Stone also told reporters that his go-to sales pitch up to this point was, “Welcome to the biggest selection of ammunition in all of Oklahoma.” Now he says “I’m not sure I can keep on saying that,” Meanwhile, in Culver City, California, long lines were formed all weekend in front of Martin B. Retting gun shop. One customer, 39-year-old John Gore, gave the Times a spiel straight out of the American gun-nut guide to paranoid ridiculousness saying, “Politicians and anti-gun people have been telling us for the longest time that we don’t need guns. But right now, a lot of people are truly scared, and they can make that decision themselves.”
USA Today reported that in Germantown, Wisconsin, 71-year-old Ralph Charette said he spent $1,500 in a gun shop to protect himself and his family saying, “There’s so much uncertainty and paranoia but you’ve got to protect your own.”
From USA Today:
Many said they were looking for extra protection, primarily ammo, in case the virus shuts down most businesses.
The trend continued outside Turner’s Outdoorsman store in Torrance, California, before opening.
“People are scared,” said Drew Plotkin of Los Angeles. “There’s a lot of panic in the world and people want to be protected for the worst-case scenario.”
In New Castle, Delaware, Emily Ken, 22, bought ammunition this weekend for her 9mm handgun before “doomsday preppers” could buy up all the supply, she said.
Ken went to a Dick’s Sporting Goods store where she said one of the workers told her that everywhere else in the area was sold out.
“It’s better to be prepared than to not be prepared,” Ken said. “I already stocked up on food. Ammo was just the next step.”
As frenzied stockpiling stripped gun specialty stores of inventory, more people also went online to order gun supplies in recent weeks. Online ammunition retailer Ammo.com witnessed an exponential increase in sales since late February, which the company attributes to public worry surrounding coronavirus.
Whether these people are afraid of being attacked by people who are as crazy as they seem, or they are under the impression that the virus is actually something they can shoot at is unclear, but this appears to have become a problem, not just for suppliers, but for those afraid of potential damage done by all the new gun enthusiasts.
“The unintended consequence of these panic-induced purchases in response to the COVID-19 pandemic could be a tragic increase of preventable gun deaths for the loved ones these individuals are trying to protect,” said Kris Brown, president of the Brady Campaign to Prevent Gun Violence, in a statement Monday.
Y’all’s president’s son Donald Trump Jr. had a different take as he took to Twitter on Saturday to celebrate and gloat over the sudden uptick in sales because — of course, he did.
The surge in gun purchases isn’t all white American gun buyers, though, many Asian-American citizens are stocking up to protect themselves amid reports of racist, ant-Asian backlash.
From L.A. Times
For weeks, customers have been crowding into Arcadia Firearm and Safety, a gun store in the heart of Southern California’s Chinese American community.
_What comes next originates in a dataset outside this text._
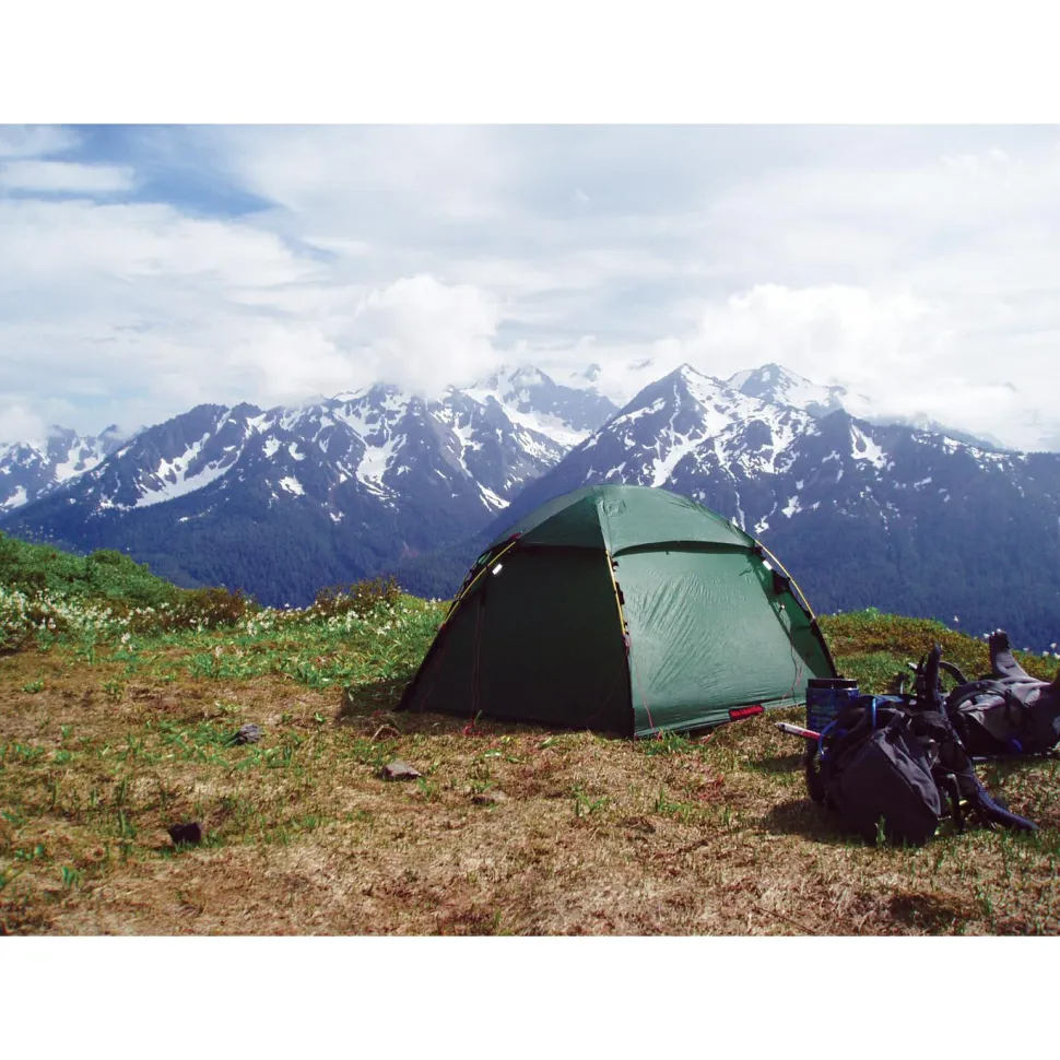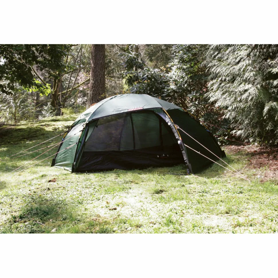 Schon auf den ersten Blick wird beim Allak 3 von Hilleberg klar, dass man es hier mit einem echten Profi unter den Trekking-Zelten zu tun hat. Ob zum Wandern, Trekking, Boot-Fahren oder auf Wintereinsätzen. Das Zelt eignet sich für den ganzjährigen Einsatz und kennt bei der Aktivitäten-Auswahl nahezu keine Grenzen. Der große Vorteil des Zelts sind neben seinen zwei geräumigen Eingängen, dass es von alleine stehen kann und keine Heringe nötig sind, um dem Zelt einen stabilen und sicheren Stand zu ermöglichen.Somit ist es mit nur 3 Stangen in Kurzzeit aufzubauen. Das geräumige Innenleben des Zelts bietet angenehmen Platz für drei Personen, die durch die funktionalen Materialien vor Wind und Wetter geschützt werden. Durch die beiden Eingänge ist man nicht nur Standortflexibel und unabhängig, sondern hat gleichzeitig auch eine hervorragende Belüftungsmöglichkeit.Die integrierten Apsiden sind parallel zum Schlafbereich angeordnet. So ist das Gepäck leicht erreichbar und der Ein-und Ausstieg besonders leicht. Durch die Kopplung von Innen- und Außenzelt wird der Auf- und Abbau extrem beschleunigt. Die stabile Kuppelkonstruktion ist sehr robust gegen Wind und bietet eine geringe Angriffsfläche. Zudem hält es so bei einem Wintereinsatz auch größeren Schneemengen problemlos Stand. Das Außenzelt ist so geschnitten, dass es bis zum Boden reicht. Zusätzlich sind sie mit Zugschlaufen versehen, die nach Belieben eingestellt werden können. Die Türen sind zusätzlich mit Moskitonetzen ausgestattet, was eine Belüftung ohne nervige kleine Besucher ermöglicht.

The store’s owner, David Liu, said Sunday it was the busiest he’d ever seen, and not just because of his Asian American clientele.
“It’s everybody,” said Liu, adding that his major suppliers are out of stock, making it impossible to reorder. “It’s not only California, it’s the whole nation that’s cleaned out…. It’s like toilet paper.”
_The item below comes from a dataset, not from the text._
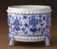 炉呈鼓式,直腹,下承三蹄形足。口及足边分别饰一周鼓钉纹,腹部为青花缠枝莲托八宝纹。炉底中央双圈内青花楷书“大明成化年制”六字款。

Three minutes before the store’s closing Sunday, first-time gun purchaser Anna Carreras was one of the remaining customers, waiting to see what inventory was left.
“It’s not like an active panic, more a preoccupation with making sure everyone is adequately prepared, myself and family and friends,” she said. “Better to be prepared and not need it than need it and not have it.”
These are certainly strange times; be safe out there, folks.